Saudi Aramco has completed the 50% acquisition of Air Products Qudra’s (APQ) Saudi-based blue hydrogen subsidiary, Blue Hydrogen Industrial Gases Company (BHIG).
After agreeing on the deal last July, the partners plan to deliver low-carbon hydrogen – produced from methane with carbon capture – via pipeline to the Jubail Industrial City.
H2 View understands that the acquisition will also include options for Aramco to offtake core ammonia components hydrogen and nitrogen from BHIG.
The network, in combination with Aramco’s carbon capture and storage (CCS) hub in Jubail, will help the firm capitalise on domestic and global opportunities to diversify its energy portfolio, according to the Executive Vice President of Strategy & Corporate Development, Ashraf Al Ghazzawi.

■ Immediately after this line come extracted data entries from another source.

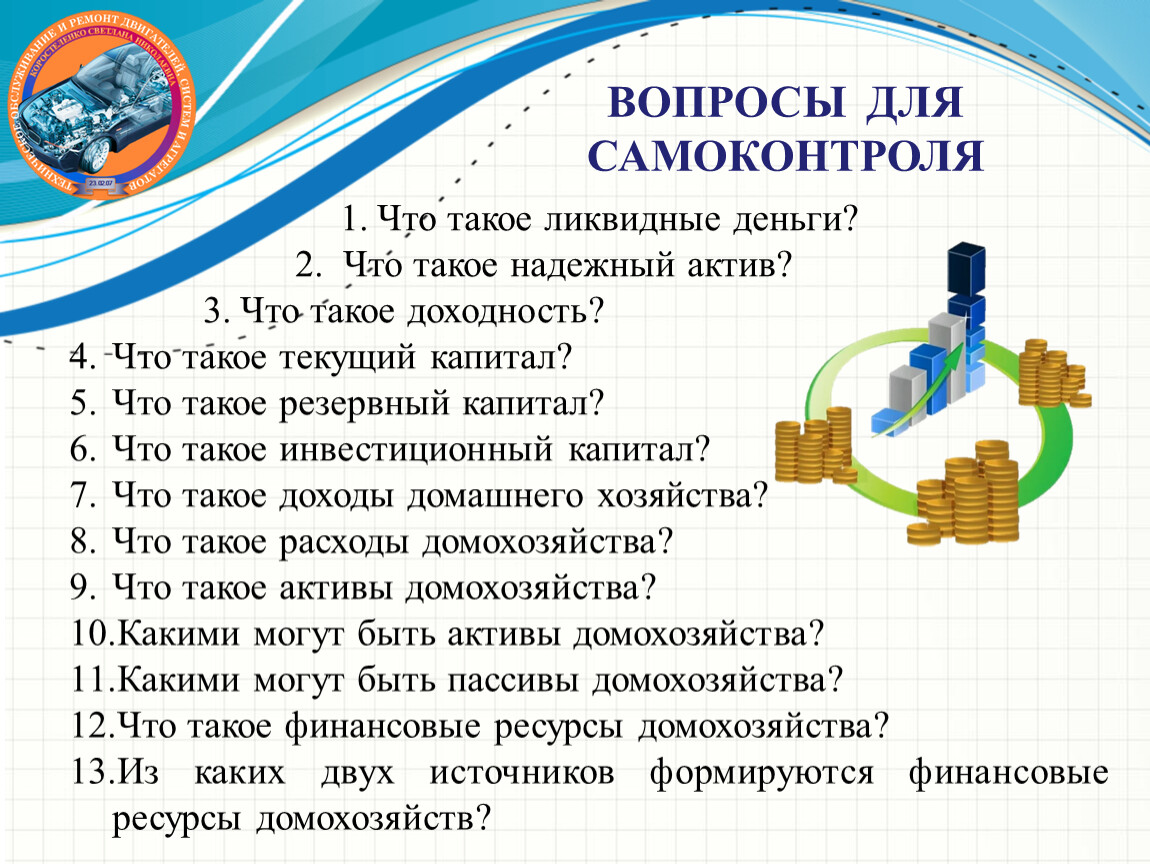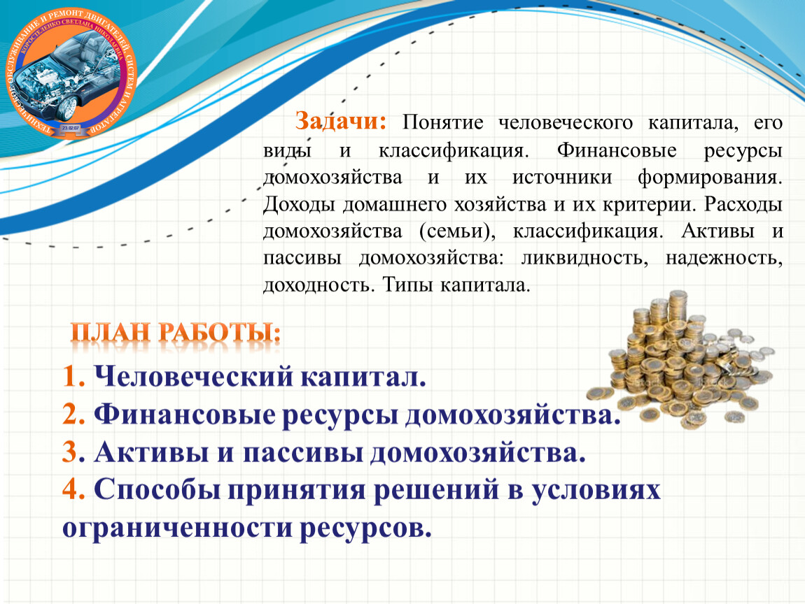 Задачи: Понятие человеческого капитала, его виды и классификация. Финансовые ресурсы домохозяйства и их источники формирования. Доходы домашнего хозяйства и их критерии. Расходы домохозяйства (семьи), классификация. Активы и пассивы домохозяйства: ликвидность, надежность, доходность. Типы капитала.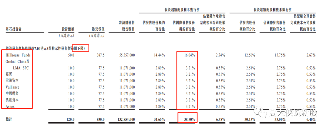 基石:9名基石,Hillhouse Funds(高瓴资本)、Orchid China及LMA SPC、嘉实、雪湖资本、Valliance、中国联塑、奥陆资本及Aspex按发售价认购以合计1.2亿美元可购买的若干数目发售股份。按发行价下限计算,基石认购比例占国际发售38.5%,禁售6个月。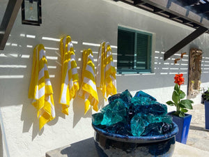 Our heavy 420 GSM yarn dyed cabana stripe towels are the perfect choice for all your water-related ventures.
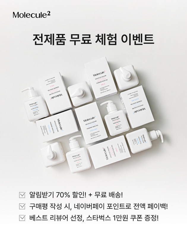 핵심 성분인 저분자 당근 콜라겐과 시카 PDRN을 담은 '탄력윤광 엑스투' 스킨케어 4종(토너 패드, 크림, 랩핑 마스크, 톤업 선크림)과 유산균 배합으로 Y존 밸런스를 케어하는 '락토 피디알엔 밸런스 퓨어 여성청결제' 2종(마일드, 쿨링) 등 몰리큘 스퀘어 신제품 전 라인업이 이번 프로모션 대상이다.

“This joint venture is another example of the steps Aramco and APQ are taking to contribute to the development of a robust hydrogen network in the Kingdom’s Eastern Province, serving the refining, chemical and petrochemical industries,” added Ahmed Hababou, APQ Chairman.
Saudi Arabia already consumes 2.5 million tonnes of hydrogen across refineries, steel, ammonia, and methanol. It’s reportedly eyeing 4 million tonnes of low-carbon production annually by 2035.
KAPSARC forecasts Saudi blue hydrogen could hit $1.13/kg by 2030, undercutting green hydrogen at $1.48/kg – if CCS and electrolyser costs keep falling.